Prozess um Schläger von Augsburg

Bei einem Streit mit Jugendlichen wird ein Familienvater und Berufsfeuerwehrmann erschlagen. Nun beginnt das Verfahren.
Rund zehn Monate nach der tödlichen Auseinandersetzung am Nikolaustag 2019 am Augsburger Königsplatz müssen sich von Dienstag an drei junge Männer vor dem Augsburger Landgericht verantworten. Die Tat, bei der ein 49 Jahre alter Familienvater und Berufsfeuerwehrmann ums Leben kam, hatte im vergangenen Dezember deutschlandweit Schlagzeilen gemacht. Zudem gab es ein wochenlanges juristisches Tauziehen bis zum Bundesverfassungsgericht um die Haftbefehle gegen mehrere Verdächtige. Die Kripo und Augsburger Staatsanwaltschaft sahen dabei nicht immer gut aus.

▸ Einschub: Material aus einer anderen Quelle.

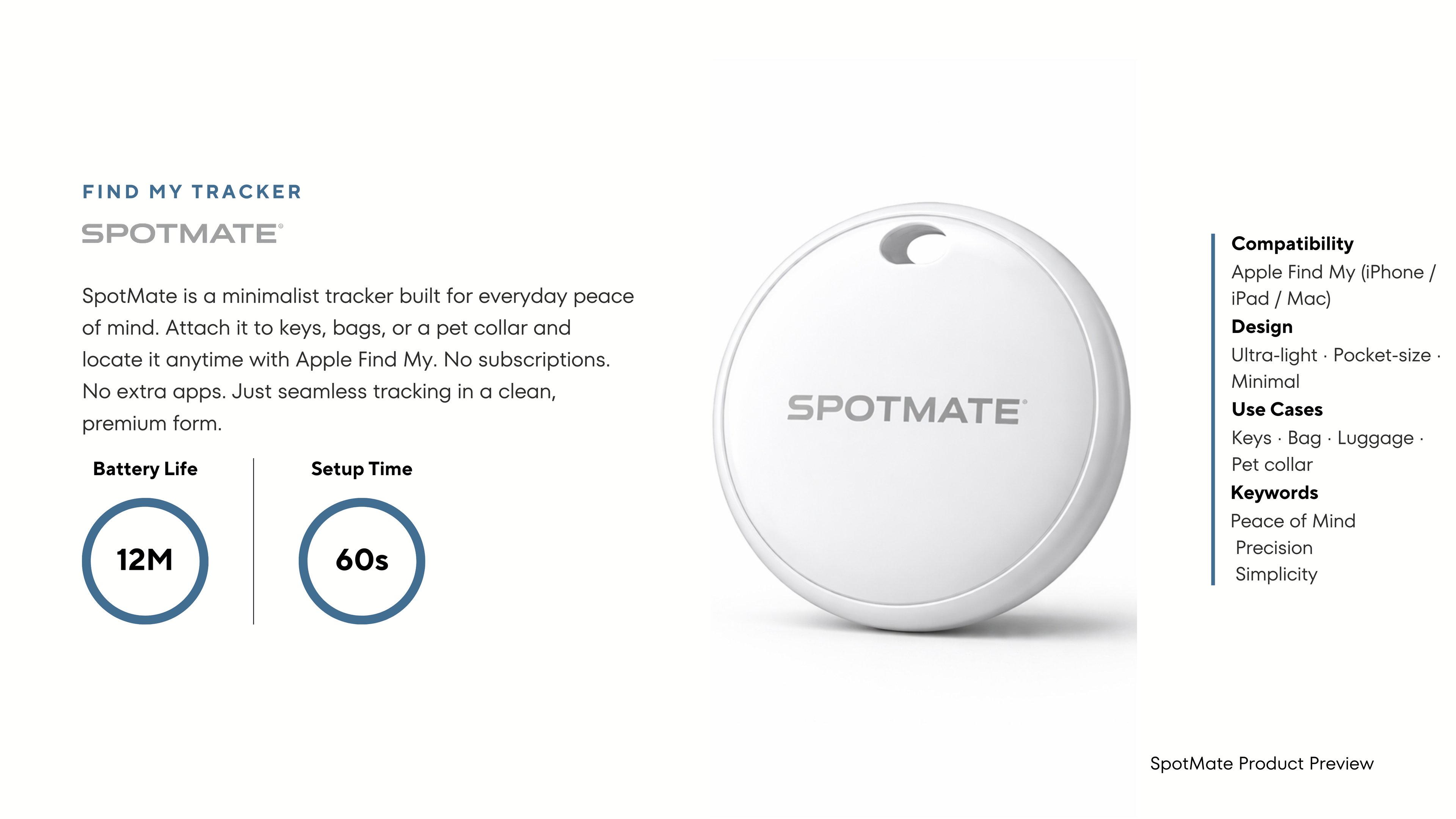 SpotMate™ is a compact smart tracker designed to help you keep track of what matters most.

Am Abend des 6. Dezember 2019 waren zwei befreundete Paare nach einem Besuch des Augsburger Weihnachtsmarktes an dem belebten Platz auf eine Gruppe Jugendlicher getroffen. Dabei war der 49-Jährige ums Leben gekommen, nachdem sich zwischen den zwei Männern und Jugendlichen ein Streit entwickelt hatte. Auslöser war nach den Ermittlungen, dass ein Jugendlicher bei den Erwachsenen eine Zigarette schnorren wollte.

Nachdem der 49-Jährige einen aus der Gruppe geschubst hat, soll der damals 17 Jahre alte Hauptbeschuldigte den Kontrahenten mit einem einzigen Faustschlag ins Gesicht umgebracht haben. Dem Mann riss durch den wuchtigen Hieb eine Schlagader, er starb binnen kürzester Zeit an einer Hirnblutung. Anschließend wurde laut Anklage auch noch der zweite Mann angegriffen und erheblich verletzt.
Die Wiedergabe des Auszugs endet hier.